The entries below contain pictures, which are to be left out; write out exactly, and only, the lines from the line with "- 旷日引月:这个成语源自*" up to and including the line with "Children cartoon KT".

Data items
- - - - -
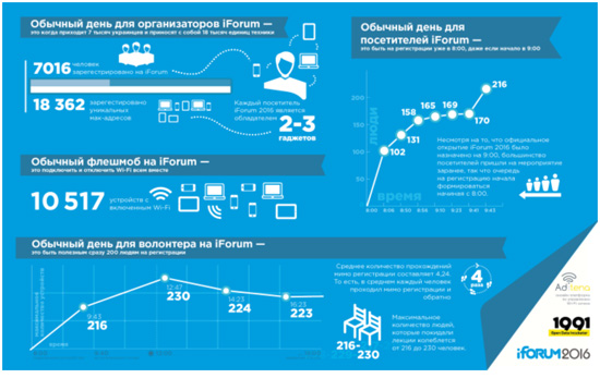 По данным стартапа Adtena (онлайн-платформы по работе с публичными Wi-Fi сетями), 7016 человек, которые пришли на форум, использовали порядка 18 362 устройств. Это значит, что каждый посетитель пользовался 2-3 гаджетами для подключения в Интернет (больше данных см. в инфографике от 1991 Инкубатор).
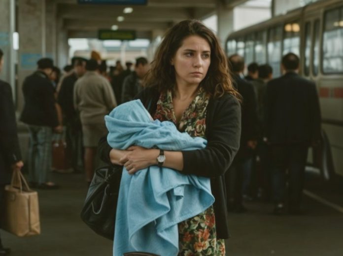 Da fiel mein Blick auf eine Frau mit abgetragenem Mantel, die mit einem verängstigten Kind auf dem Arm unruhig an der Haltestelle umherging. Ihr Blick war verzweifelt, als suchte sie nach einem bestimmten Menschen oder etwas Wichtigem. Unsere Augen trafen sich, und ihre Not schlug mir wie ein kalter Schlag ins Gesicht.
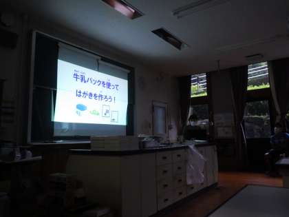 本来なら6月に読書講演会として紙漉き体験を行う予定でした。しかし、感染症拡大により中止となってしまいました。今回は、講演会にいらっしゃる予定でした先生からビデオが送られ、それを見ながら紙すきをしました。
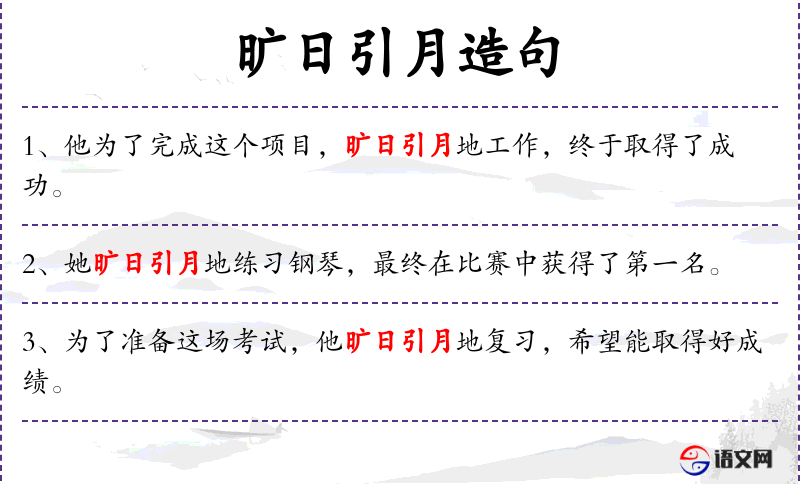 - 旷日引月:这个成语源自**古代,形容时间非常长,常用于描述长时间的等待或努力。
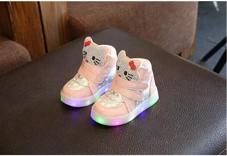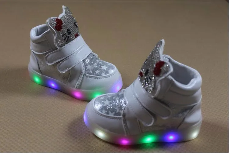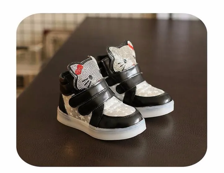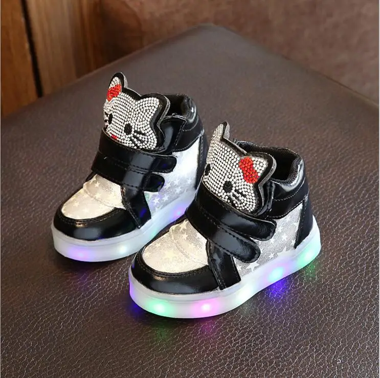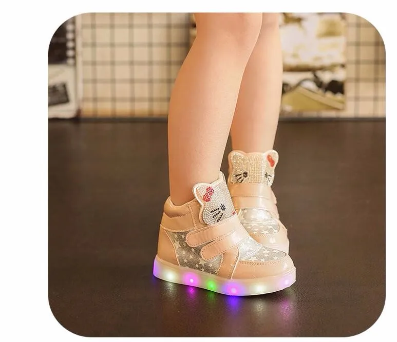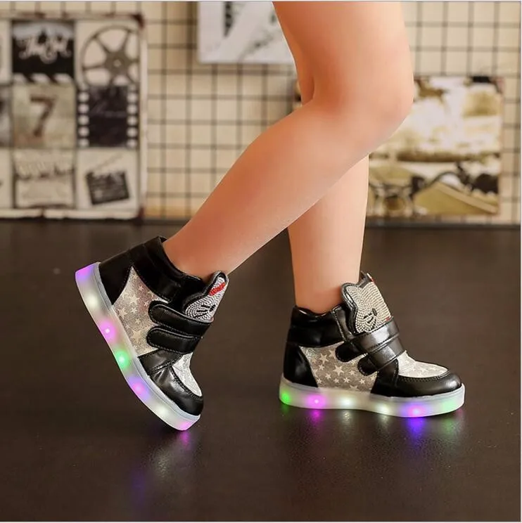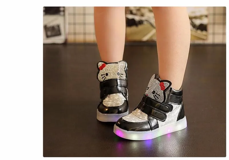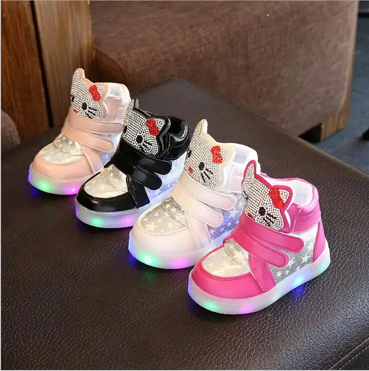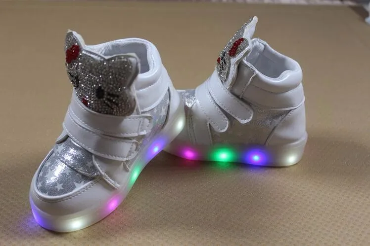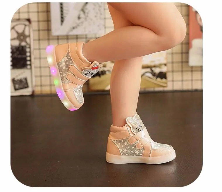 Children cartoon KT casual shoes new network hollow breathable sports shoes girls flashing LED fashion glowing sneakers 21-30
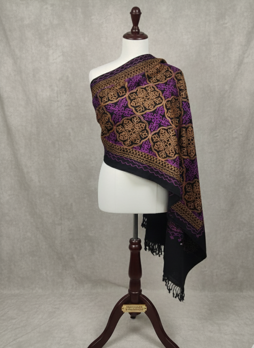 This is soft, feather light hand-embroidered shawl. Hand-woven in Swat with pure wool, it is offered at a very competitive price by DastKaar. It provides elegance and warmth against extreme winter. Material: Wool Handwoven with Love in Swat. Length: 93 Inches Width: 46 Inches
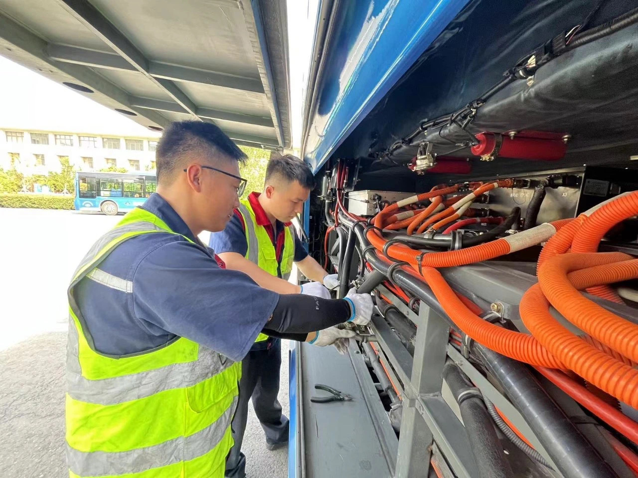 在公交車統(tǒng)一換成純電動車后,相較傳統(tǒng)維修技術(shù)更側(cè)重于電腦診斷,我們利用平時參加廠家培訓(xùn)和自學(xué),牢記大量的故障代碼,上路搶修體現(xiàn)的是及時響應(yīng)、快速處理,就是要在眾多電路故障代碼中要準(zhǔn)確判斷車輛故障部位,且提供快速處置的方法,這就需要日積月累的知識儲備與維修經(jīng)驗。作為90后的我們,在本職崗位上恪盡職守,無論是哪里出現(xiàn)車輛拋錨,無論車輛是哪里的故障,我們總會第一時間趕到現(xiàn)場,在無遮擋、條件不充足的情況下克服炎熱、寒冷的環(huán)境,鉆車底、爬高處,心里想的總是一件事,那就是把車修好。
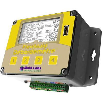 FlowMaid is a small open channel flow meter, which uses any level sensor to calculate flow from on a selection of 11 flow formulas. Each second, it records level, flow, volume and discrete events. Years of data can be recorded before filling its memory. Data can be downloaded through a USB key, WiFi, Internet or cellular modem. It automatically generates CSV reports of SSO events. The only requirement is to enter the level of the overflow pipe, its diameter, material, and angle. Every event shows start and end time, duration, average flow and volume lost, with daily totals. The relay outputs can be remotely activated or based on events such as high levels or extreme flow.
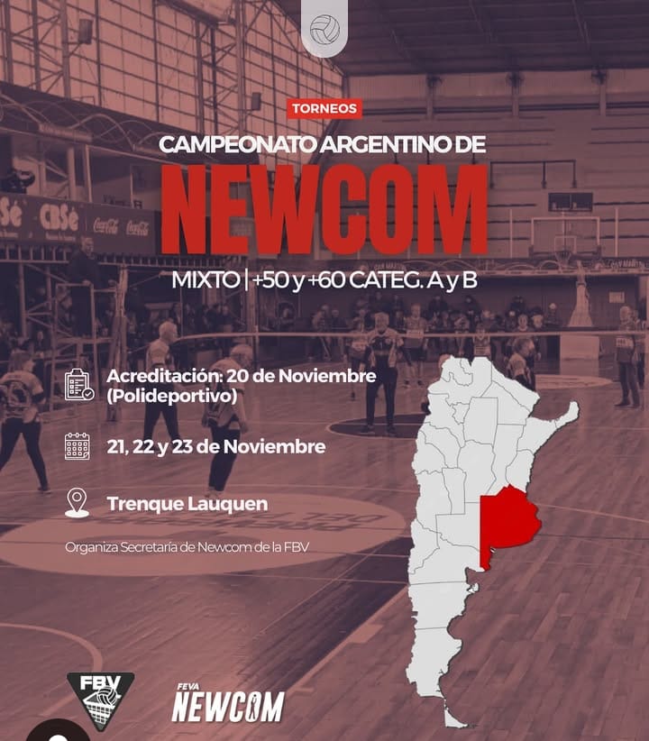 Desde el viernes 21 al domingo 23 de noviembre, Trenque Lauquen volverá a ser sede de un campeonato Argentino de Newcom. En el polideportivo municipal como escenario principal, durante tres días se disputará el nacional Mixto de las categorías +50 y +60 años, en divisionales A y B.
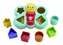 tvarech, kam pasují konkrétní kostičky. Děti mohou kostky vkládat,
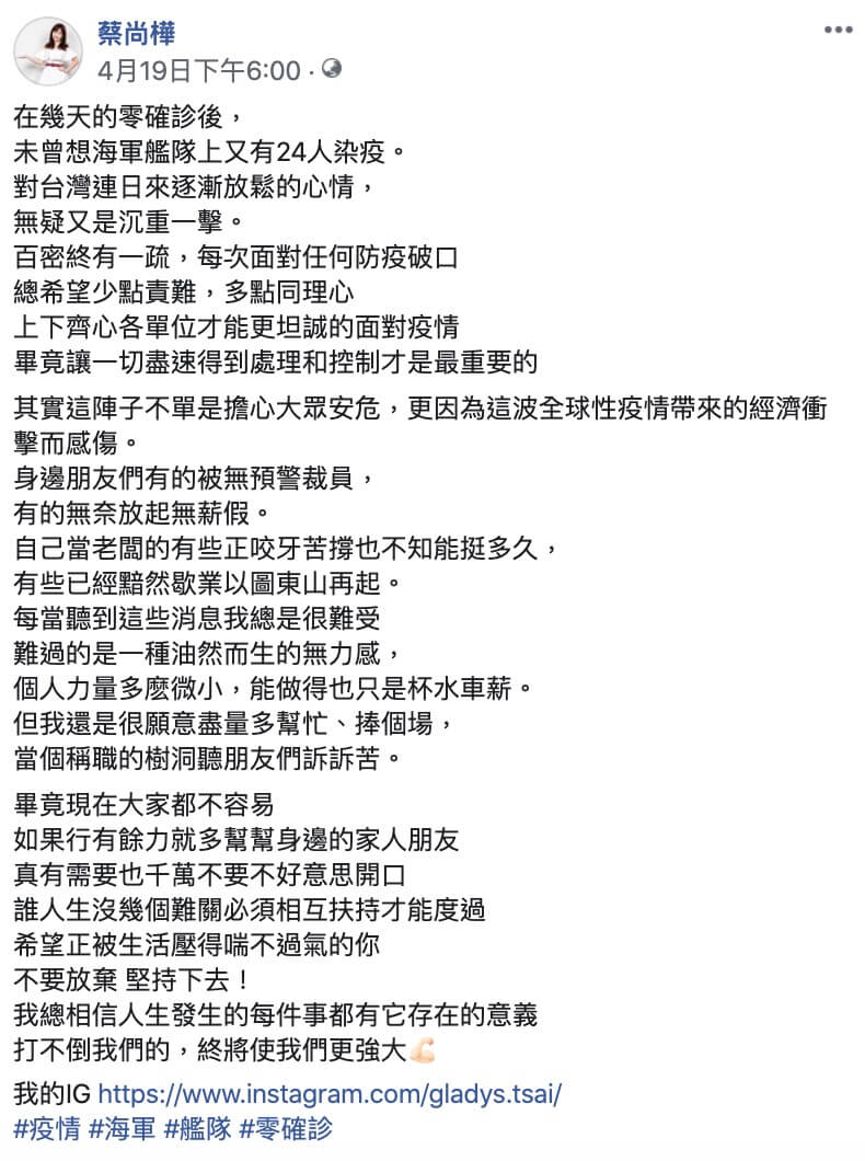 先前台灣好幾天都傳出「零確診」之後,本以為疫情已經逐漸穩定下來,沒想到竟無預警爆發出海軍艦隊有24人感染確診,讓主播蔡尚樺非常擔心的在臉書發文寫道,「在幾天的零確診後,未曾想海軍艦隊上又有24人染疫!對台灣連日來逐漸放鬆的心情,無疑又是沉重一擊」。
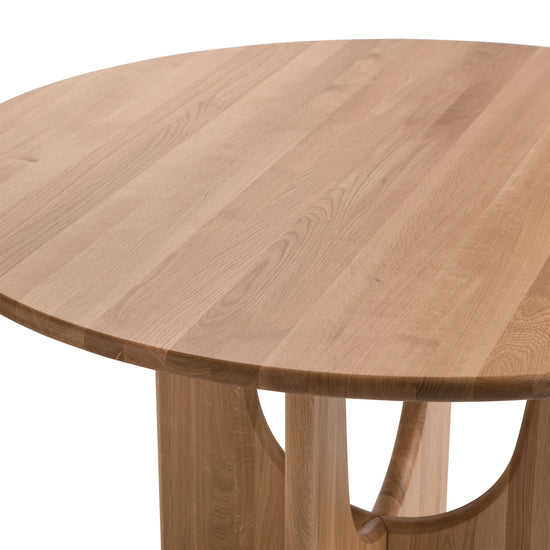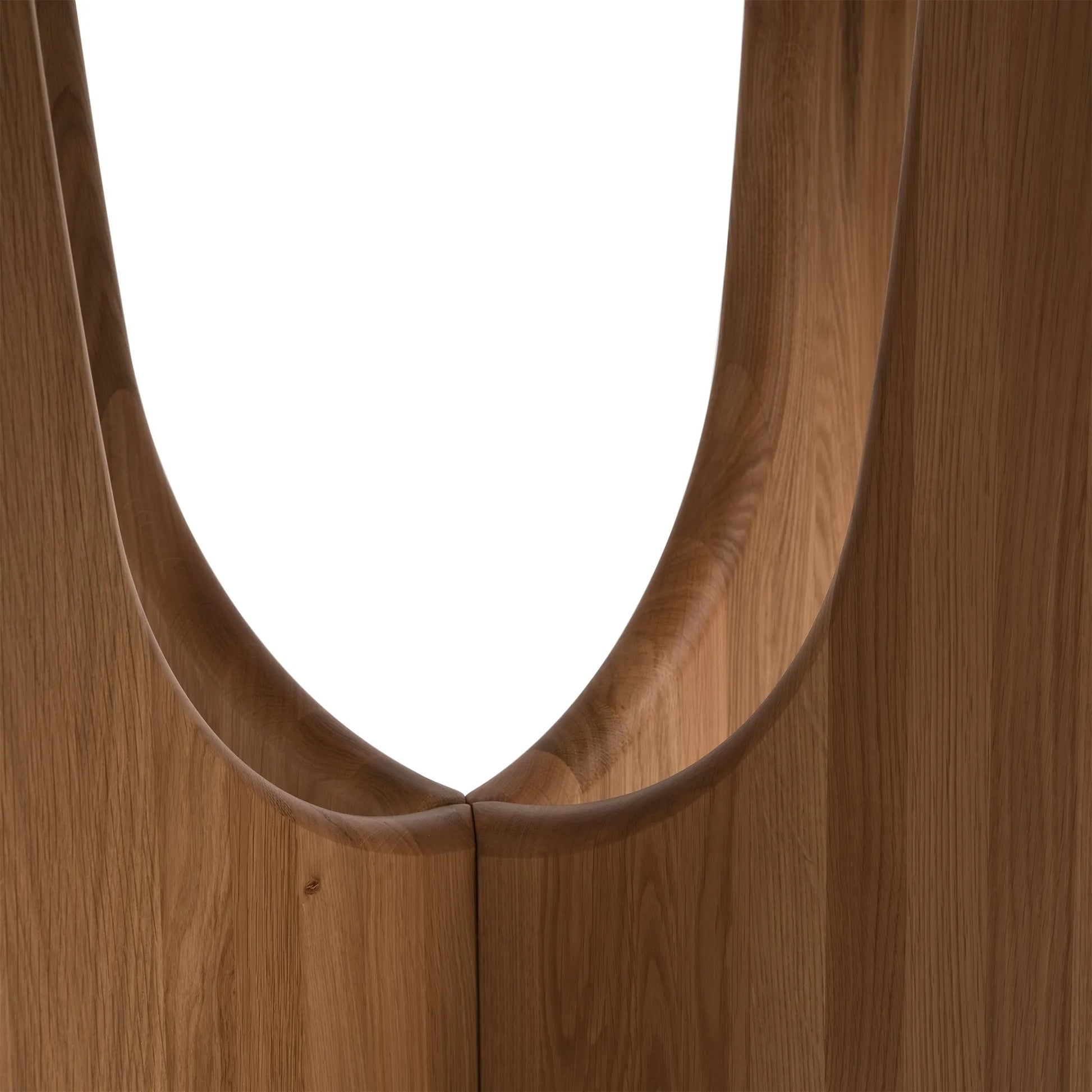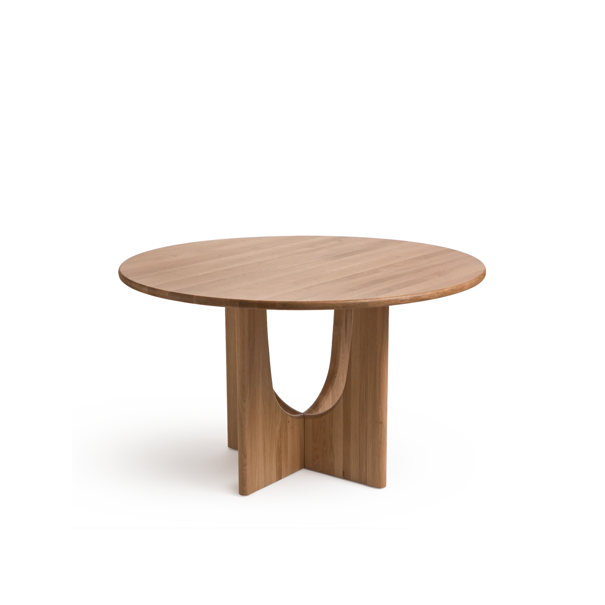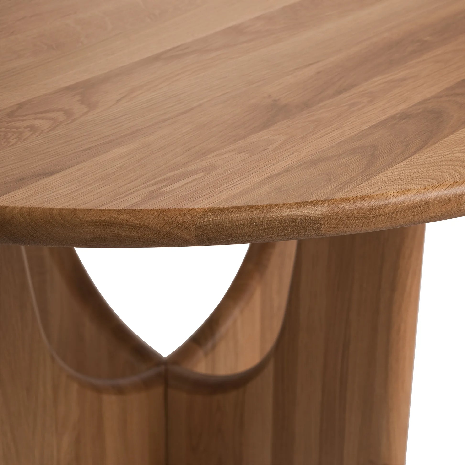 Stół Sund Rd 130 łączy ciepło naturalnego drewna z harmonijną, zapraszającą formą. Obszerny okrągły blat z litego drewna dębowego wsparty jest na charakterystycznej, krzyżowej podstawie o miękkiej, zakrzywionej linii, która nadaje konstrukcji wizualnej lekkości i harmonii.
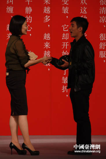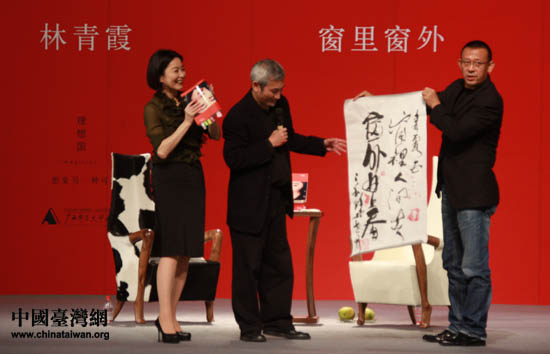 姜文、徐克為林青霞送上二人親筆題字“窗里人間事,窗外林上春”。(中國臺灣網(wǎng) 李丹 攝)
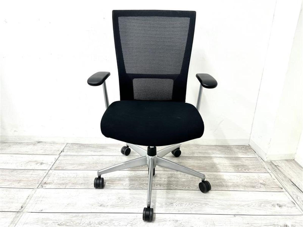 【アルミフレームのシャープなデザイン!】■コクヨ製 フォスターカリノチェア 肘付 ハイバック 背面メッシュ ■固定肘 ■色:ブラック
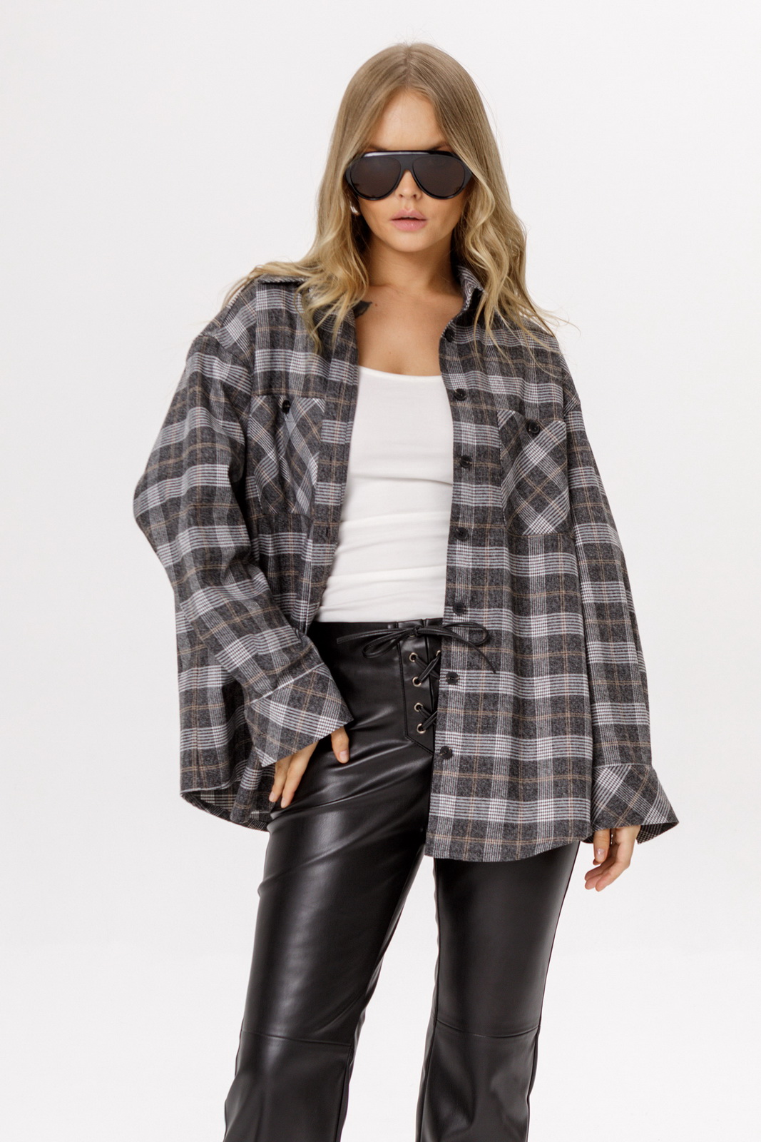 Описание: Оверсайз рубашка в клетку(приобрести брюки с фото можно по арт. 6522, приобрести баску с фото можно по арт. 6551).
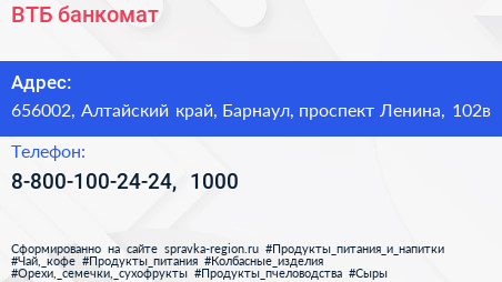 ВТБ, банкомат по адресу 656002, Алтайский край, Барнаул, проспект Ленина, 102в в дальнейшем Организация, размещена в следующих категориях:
- - - - -
[Output of the task]
 - 旷日引月:这个成语源自**古代,形容时间非常长,常用于描述长时间的等待或努力。
 Children cartoon KT casual shoes new network hollow breathable sports shoes girls flashing LED fashion glowing sneakers 21-30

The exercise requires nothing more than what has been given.